___ DATA PROVIDED ___

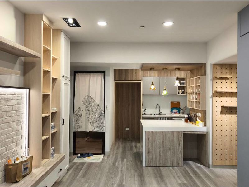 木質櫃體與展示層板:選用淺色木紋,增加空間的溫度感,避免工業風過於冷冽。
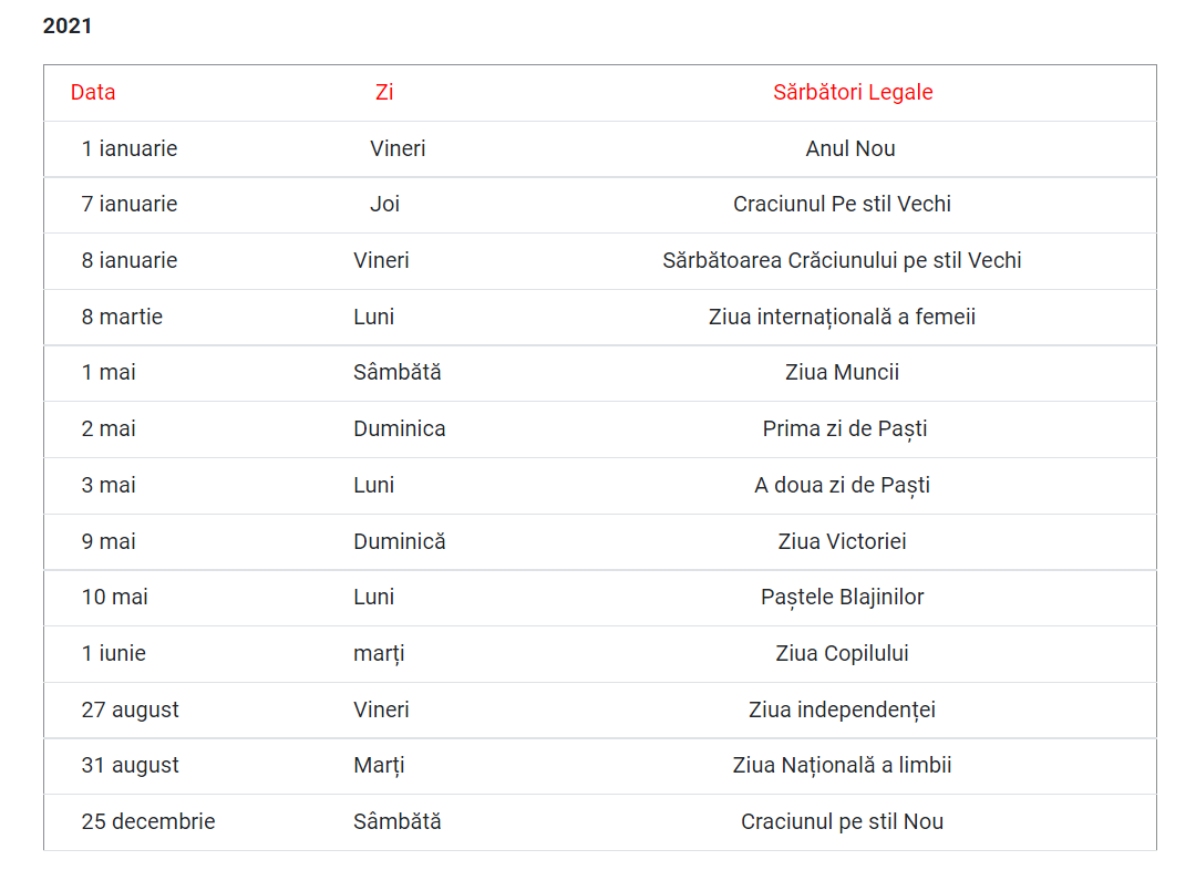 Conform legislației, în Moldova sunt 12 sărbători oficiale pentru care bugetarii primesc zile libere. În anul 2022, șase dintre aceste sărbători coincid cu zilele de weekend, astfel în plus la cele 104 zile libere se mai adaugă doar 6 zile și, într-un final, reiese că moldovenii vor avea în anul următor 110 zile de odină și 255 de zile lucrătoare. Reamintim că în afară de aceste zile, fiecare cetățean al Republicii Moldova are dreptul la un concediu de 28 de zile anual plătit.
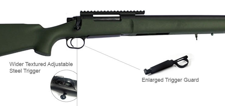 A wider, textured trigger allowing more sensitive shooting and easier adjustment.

___

- [WORK TASK]:
The listing is to be repeated word for word, with all pictures omitted.

- [FINISHED TASK]:
 木質櫃體與展示層板:選用淺色木紋,增加空間的溫度感,避免工業風過於冷冽。
 Conform legislației, în Moldova sunt 12 sărbători oficiale pentru care bugetarii primesc zile libere. În anul 2022, șase dintre aceste sărbători coincid cu zilele de weekend, astfel în plus la cele 104 zile libere se mai adaugă doar 6 zile și, într-un final, reiese că moldovenii vor avea în anul următor 110 zile de odină și 255 de zile lucrătoare. Reamintim că în afară de aceste zile, fiecare cetățean al Republicii Moldova are dreptul la un concediu de 28 de zile anual plătit.
 A wider, textured trigger allowing more sensitive shooting and easier adjustment.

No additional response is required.